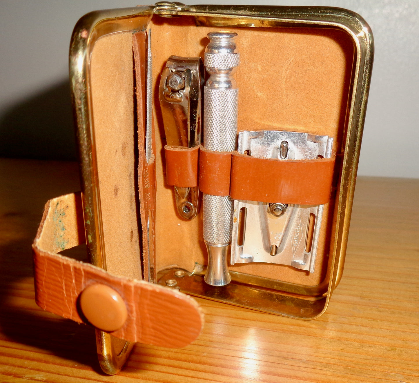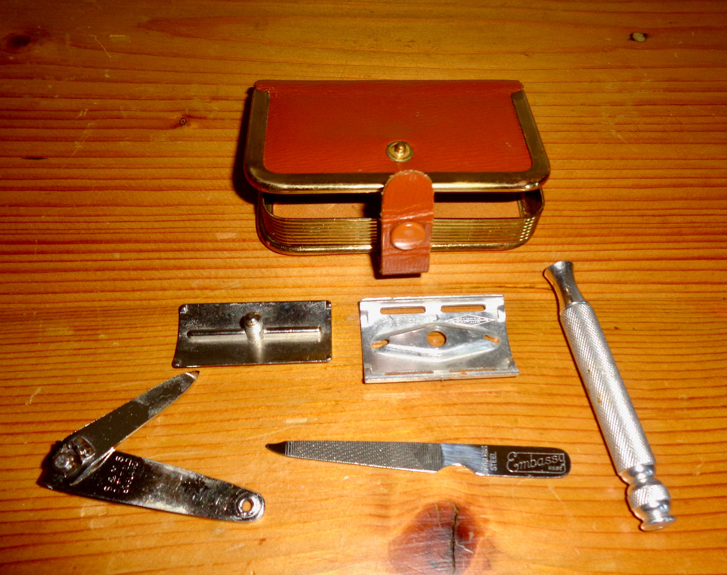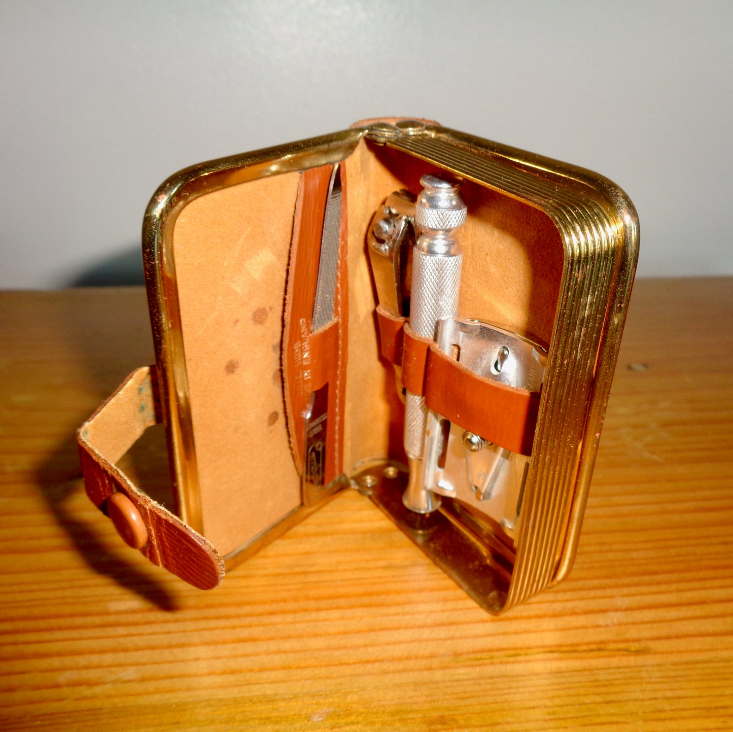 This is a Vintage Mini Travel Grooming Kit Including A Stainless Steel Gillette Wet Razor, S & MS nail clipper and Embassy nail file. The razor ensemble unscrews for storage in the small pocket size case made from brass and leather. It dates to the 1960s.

==

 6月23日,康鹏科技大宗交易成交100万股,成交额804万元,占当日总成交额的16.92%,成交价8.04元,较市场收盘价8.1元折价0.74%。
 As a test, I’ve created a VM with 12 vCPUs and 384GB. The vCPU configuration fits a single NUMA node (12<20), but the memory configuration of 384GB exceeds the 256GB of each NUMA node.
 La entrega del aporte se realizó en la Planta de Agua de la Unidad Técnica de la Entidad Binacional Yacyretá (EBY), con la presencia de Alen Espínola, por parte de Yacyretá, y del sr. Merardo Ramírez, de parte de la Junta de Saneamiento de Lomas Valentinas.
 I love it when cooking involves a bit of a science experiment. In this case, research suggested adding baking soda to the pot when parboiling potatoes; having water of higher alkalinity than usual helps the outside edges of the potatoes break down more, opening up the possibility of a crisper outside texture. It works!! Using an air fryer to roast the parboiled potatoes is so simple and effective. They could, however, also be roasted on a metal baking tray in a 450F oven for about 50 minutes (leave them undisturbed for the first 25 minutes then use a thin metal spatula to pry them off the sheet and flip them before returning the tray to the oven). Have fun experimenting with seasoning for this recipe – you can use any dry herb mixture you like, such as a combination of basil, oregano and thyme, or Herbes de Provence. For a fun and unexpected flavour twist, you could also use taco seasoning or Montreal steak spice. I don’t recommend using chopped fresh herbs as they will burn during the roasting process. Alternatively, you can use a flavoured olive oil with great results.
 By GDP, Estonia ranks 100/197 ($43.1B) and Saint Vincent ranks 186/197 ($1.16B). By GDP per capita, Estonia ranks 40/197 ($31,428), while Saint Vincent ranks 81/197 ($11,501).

==

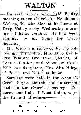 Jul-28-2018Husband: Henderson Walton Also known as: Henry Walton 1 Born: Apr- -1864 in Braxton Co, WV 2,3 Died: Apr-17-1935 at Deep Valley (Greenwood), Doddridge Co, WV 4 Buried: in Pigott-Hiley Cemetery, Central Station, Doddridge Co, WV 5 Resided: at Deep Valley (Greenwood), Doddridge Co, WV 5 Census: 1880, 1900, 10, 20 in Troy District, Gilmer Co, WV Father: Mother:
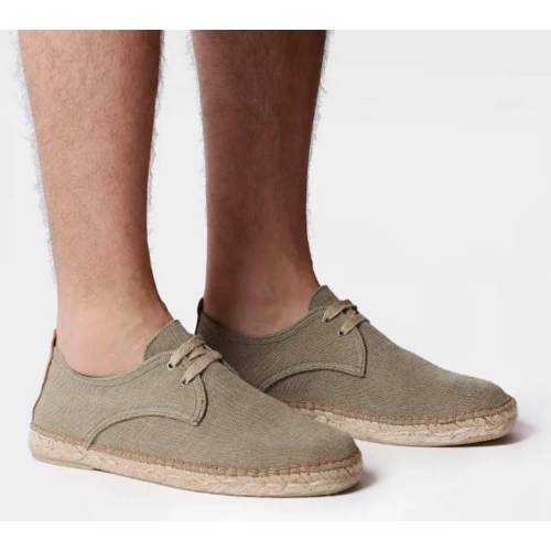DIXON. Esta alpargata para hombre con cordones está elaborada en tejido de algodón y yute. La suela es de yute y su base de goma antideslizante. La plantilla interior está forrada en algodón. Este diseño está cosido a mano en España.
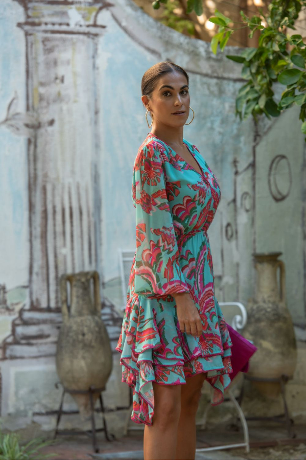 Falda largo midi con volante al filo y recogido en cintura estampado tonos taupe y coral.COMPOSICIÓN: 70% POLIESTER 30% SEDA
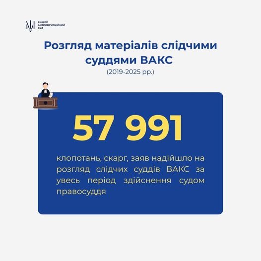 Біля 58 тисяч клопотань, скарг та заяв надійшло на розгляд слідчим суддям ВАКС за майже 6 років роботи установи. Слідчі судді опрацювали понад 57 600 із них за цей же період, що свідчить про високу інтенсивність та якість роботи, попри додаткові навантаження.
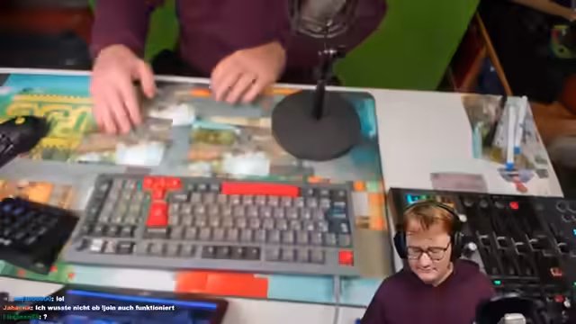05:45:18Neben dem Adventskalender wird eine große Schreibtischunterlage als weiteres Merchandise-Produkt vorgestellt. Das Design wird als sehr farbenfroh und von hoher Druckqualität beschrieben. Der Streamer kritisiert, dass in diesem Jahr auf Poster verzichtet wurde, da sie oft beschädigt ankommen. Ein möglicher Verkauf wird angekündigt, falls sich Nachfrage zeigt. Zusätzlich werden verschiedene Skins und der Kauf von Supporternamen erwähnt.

Your instructions: Leaving every picture aside, reproduce exactly the lines above from the one with "DIXON. Esta alpargata" up to and including the one with "05:45:18Neben dem Adventskalender", and no others.

Task answer:
DIXON. Esta alpargata para hombre con cordones está elaborada en tejido de algodón y yute. La suela es de yute y su base de goma antideslizante. La plantilla interior está forrada en algodón. Este diseño está cosido a mano en España.
 Falda largo midi con volante al filo y recogido en cintura estampado tonos taupe y coral.COMPOSICIÓN: 70% POLIESTER 30% SEDA
 Біля 58 тисяч клопотань, скарг та заяв надійшло на розгляд слідчим суддям ВАКС за майже 6 років роботи установи. Слідчі судді опрацювали понад 57 600 із них за цей же період, що свідчить про високу інтенсивність та якість роботи, попри додаткові навантаження.
05:45:18Neben dem Adventskalender wird eine große Schreibtischunterlage als weiteres Merchandise-Produkt vorgestellt. Das Design wird als sehr farbenfroh und von hoher Druckqualität beschrieben. Der Streamer kritisiert, dass in diesem Jahr auf Poster verzichtet wurde, da sie oft beschädigt ankommen. Ein möglicher Verkauf wird angekündigt, falls sich Nachfrage zeigt. Zusätzlich werden verschiedene Skins und der Kauf von Supporternamen erwähnt.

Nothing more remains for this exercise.